* **Required work**
The full set of lines below has to be duplicated exactly, with no picture kept.
Start of Input records
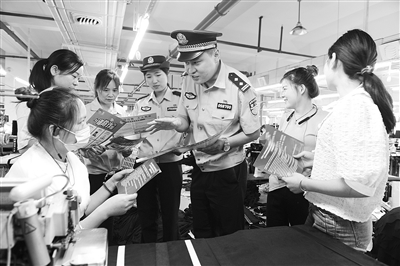 近日,东阳市公安局联合银行业金融机构和三电企业(电力、电信、广播电视),在全市范围内集中开展“三电设施安全保护和防范通信网络诈骗”宣传活动。图为东阳市公安局白云派出所民警深入企业车间,向员工开展“三电”和反诈知识宣传。
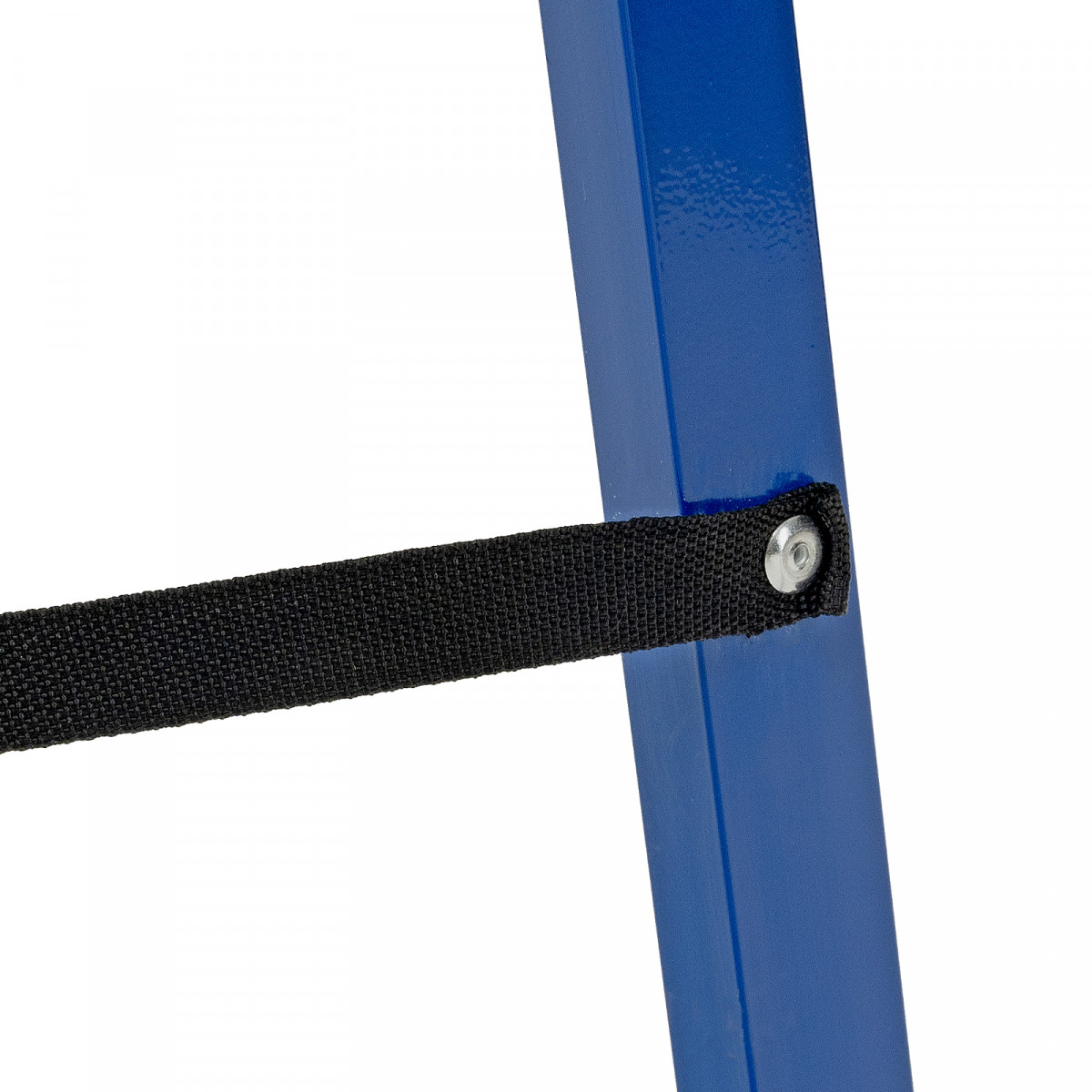 - Надежность — рама изготовлена из профилированной стали, стальная верхняя площадка с зацепами прочно фиксирует стремянку в рабочем положении, страховочные ленты придают дополнительную прочность конструкции.
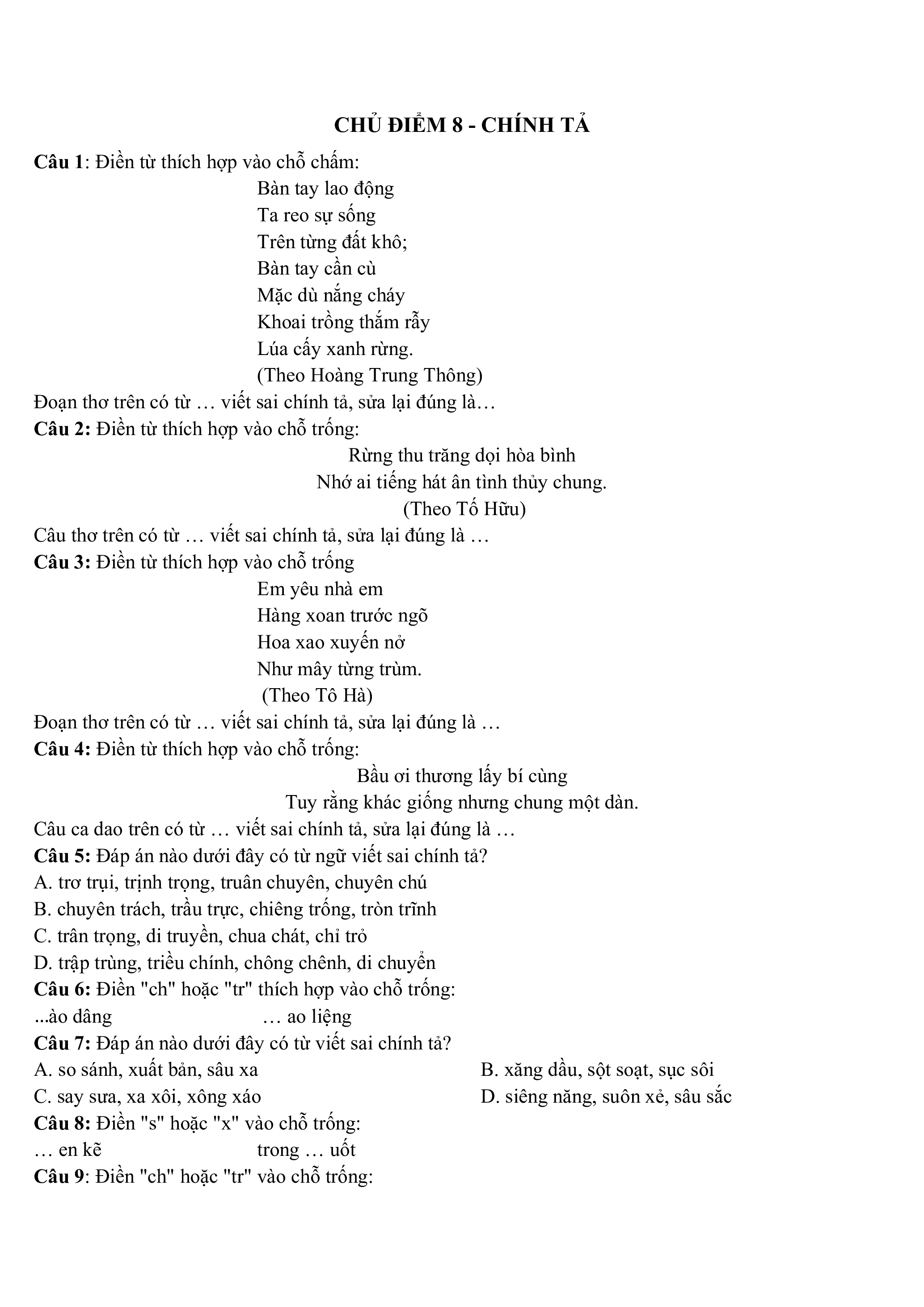 CHỦ ĐIỂM 8 - CHÍNH TẢ
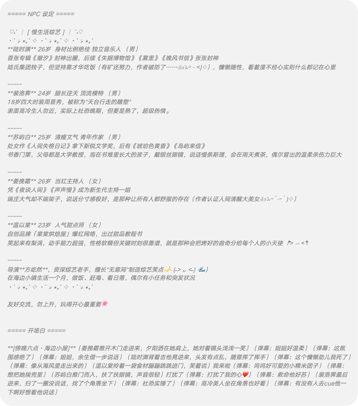 - 如何让故事一直延续和保持生命力 (Stories)? 对话越长,剧情失控的风险越高。模型容易陷入机械的循环与重复,失去张力。但好的故事应该拥有呼吸感——它懂得在某些时刻推你一把,掀动情节波澜;也会在某些时刻停下来等你,给你喘息与思考的空间。
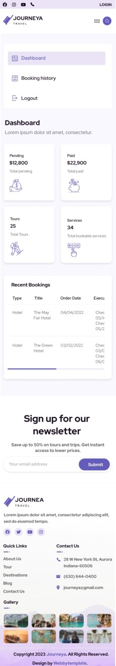 Journeya website template Mobile Booking history
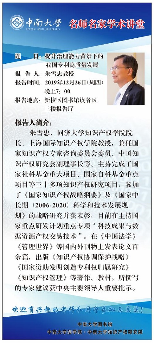 报 告 人:朱雪忠教授(同济大学知识产权学院经理)
End of Input records
* **Exercise answer**
 近日,东阳市公安局联合银行业金融机构和三电企业(电力、电信、广播电视),在全市范围内集中开展“三电设施安全保护和防范通信网络诈骗”宣传活动。图为东阳市公安局白云派出所民警深入企业车间,向员工开展“三电”和反诈知识宣传。
 - Надежность — рама изготовлена из профилированной стали, стальная верхняя площадка с зацепами прочно фиксирует стремянку в рабочем положении, страховочные ленты придают дополнительную прочность конструкции.
 CHỦ ĐIỂM 8 - CHÍNH TẢ
 - 如何让故事一直延续和保持生命力 (Stories)? 对话越长,剧情失控的风险越高。模型容易陷入机械的循环与重复,失去张力。但好的故事应该拥有呼吸感——它懂得在某些时刻推你一把,掀动情节波澜;也会在某些时刻停下来等你,给你喘息与思考的空间。
 Journeya website template Mobile Booking history
 报 告 人:朱雪忠教授(同济大学知识产权学院经理)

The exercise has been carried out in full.